Для сдачи задания необходимо загрузить функции `subsample_frequent_words` и `get_negative_sampling_prob`, а также сгенерировать файл для посылки ниже и приложить в соответствующую задачу. Успехов!

In [60]:
# do not change the code in the block below
# __________start of block__________
import os
import json

assert os.path.exists(
    "words_subset.txt"
), "Please, download `words_subset.txt` and place it in the working directory"

with open("words_subset.txt") as iofile:
    selected_words = iofile.read().split("\n")

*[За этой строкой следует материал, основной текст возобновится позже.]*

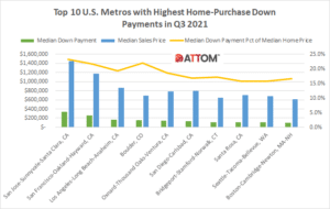 In this post, we take a deep data dive among U.S. metro areas with a population greater than 200,000 and 1,000 or more loans originated in Q3 2021, to uncover the top 10 markets with the highest median down payments on single-family homes and condos purchased with financing in Q3 2021.
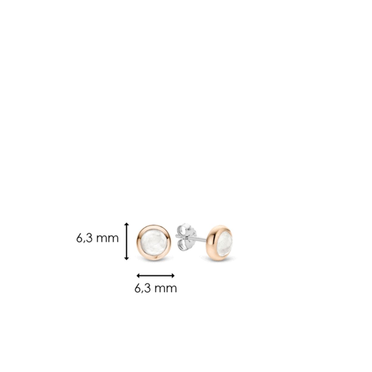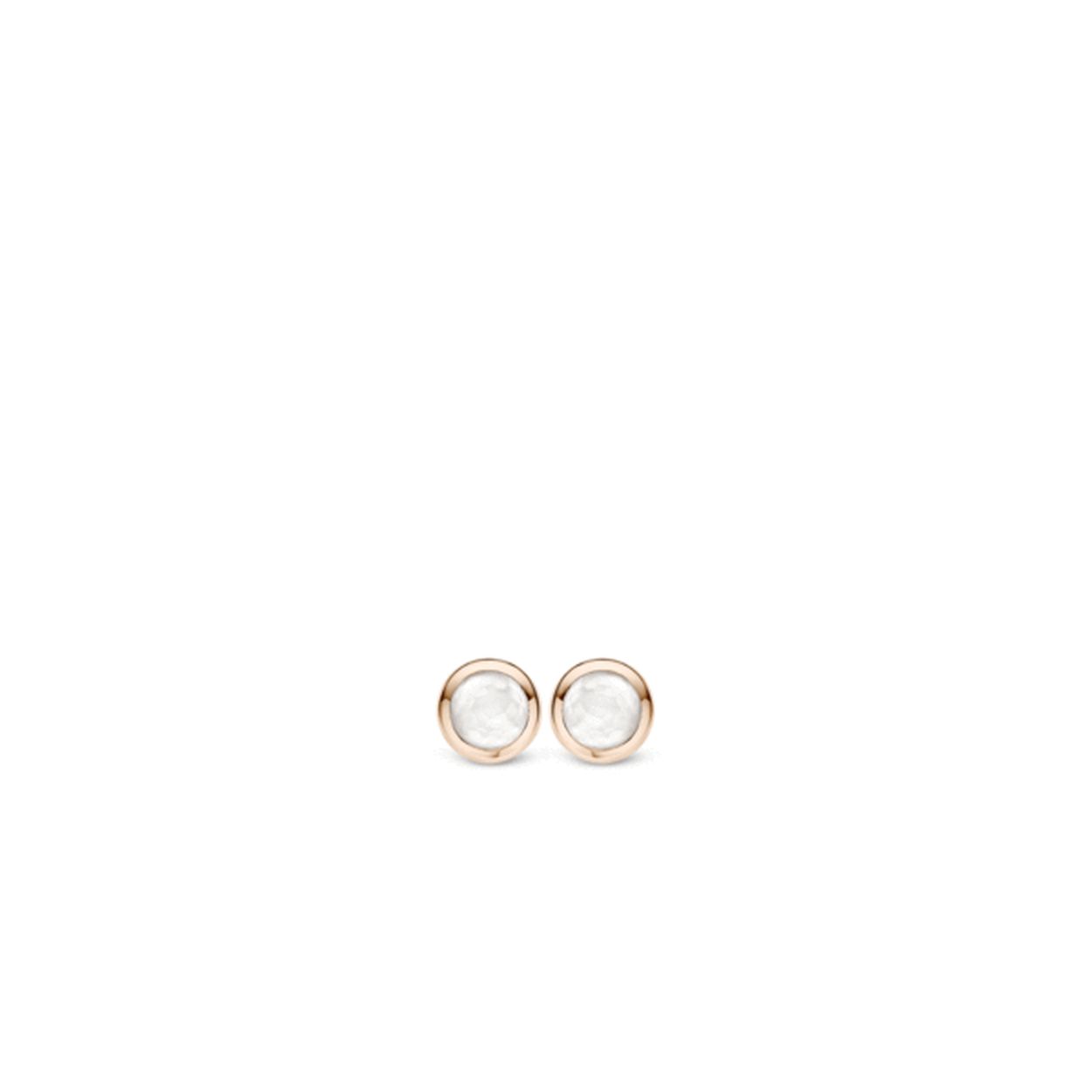 TI SENTO - Milano sterling zilveren oorknopjes. De oorbellen hebben een 18k roségouden plating en zijn gezet met een melkwitte crystal. Deze oorstekers zijn goed te combineren met andere sieraden uit de collectie met dezelfde kleurcombinatie.

def get_matrix_for_selected_words(selected_words, embedding_matrix, word_to_index):
    word_vectors = []
    for word in selected_words:
        index = word_to_index.get(word, None)
        vector = [0.0] * embedding_matrix.shape[1]
        if index is not None:
            vector = embedding_matrix[index].numpy().tolist()
        word_vectors.append(vector)
    return word_vectors


word_vectors = get_matrix_for_selected_words(
    selected_words, embedding_matrix_context, word_to_index
)

with open("submission_dict.json", "w") as iofile:
    json.dump(word_vectors, iofile)
print("File saved to `submission_dict.json`")
# __________end of block__________

File saved to `submission_dict.json`